Copy the listing below exactly, but skip the pictures.

INPUT DATA –
§

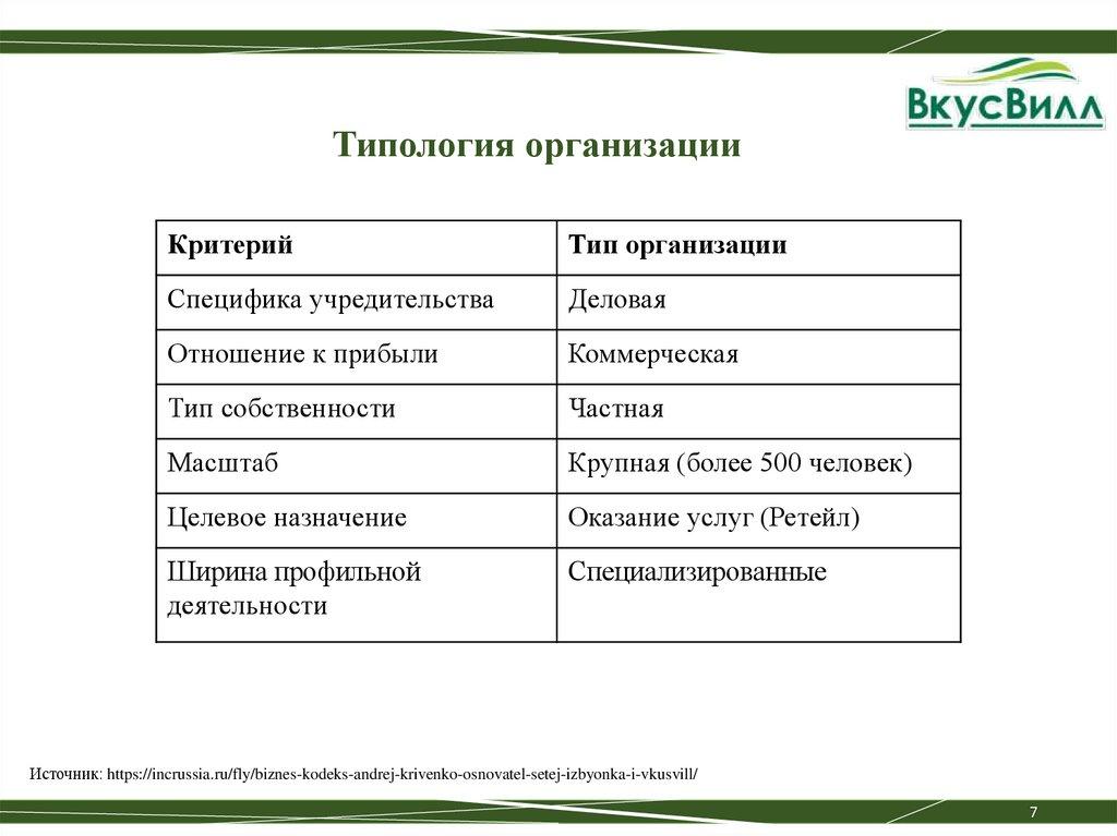 Типология организацииКритерий
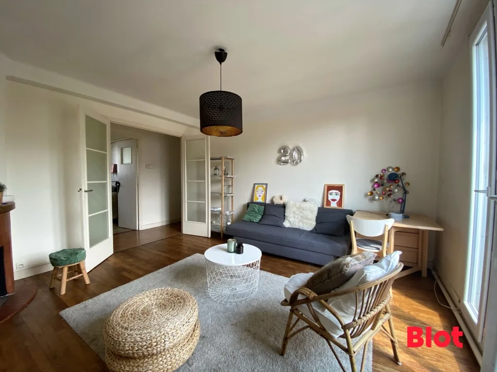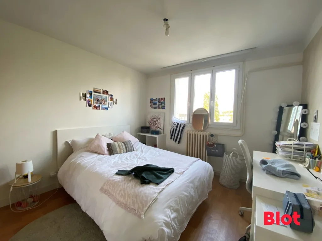 Idéalement situé au cœur du quartier Fougères, proche de la fac de Droit - Venez découvrir cet appartement de type 3 de 67,21m² entièrement MEUBLE situé au 4ème et dernier étage d'une petite copropriété. Il se compose d'une entrée avec placard, un séjour lumineux avec cheminée, une cuisine équipée et aménagée, 2 chambres avec placard, une salle d'eau, un WC séparé. Il dispose également d'une cave et d'un grenier.
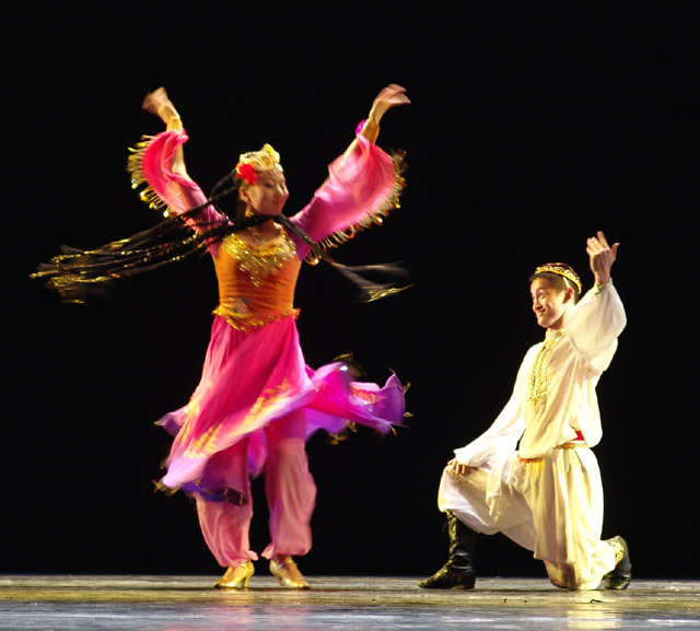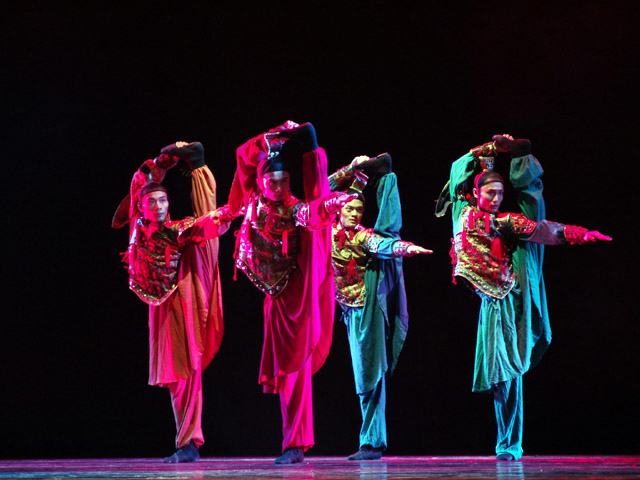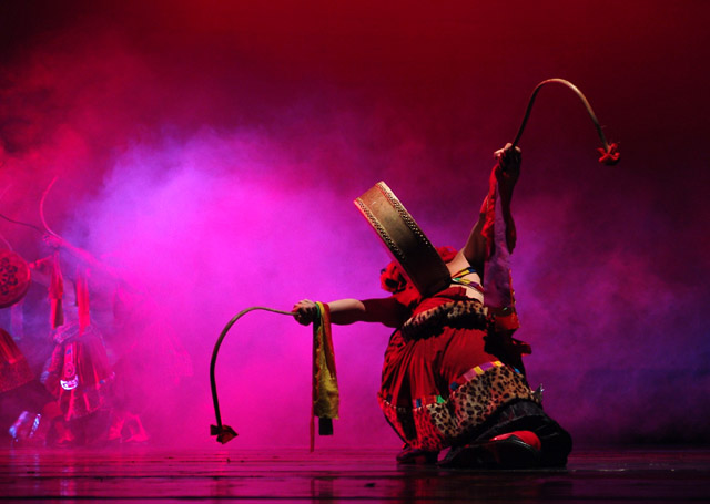 藏族男子群舞《离太阳最近的人》,黑黝黝的脸是太阳留下的潇洒,健美的臂膀挥赶着肥壮的牛羊,牧童的歌声在霞光中萦绕,伴随着太阳一同升起,离太阳最近的不是白云,是勤劳质朴的藏族人民。

§

RESPONSE TO THIS TASK –
 Типология организацииКритерий
 Idéalement situé au cœur du quartier Fougères, proche de la fac de Droit - Venez découvrir cet appartement de type 3 de 67,21m² entièrement MEUBLE situé au 4ème et dernier étage d'une petite copropriété. Il se compose d'une entrée avec placard, un séjour lumineux avec cheminée, une cuisine équipée et aménagée, 2 chambres avec placard, une salle d'eau, un WC séparé. Il dispose également d'une cave et d'un grenier.
 藏族男子群舞《离太阳最近的人》,黑黝黝的脸是太阳留下的潇洒,健美的臂膀挥赶着肥壮的牛羊,牧童的歌声在霞光中萦绕,伴随着太阳一同升起,离太阳最近的不是白云,是勤劳质朴的藏族人民。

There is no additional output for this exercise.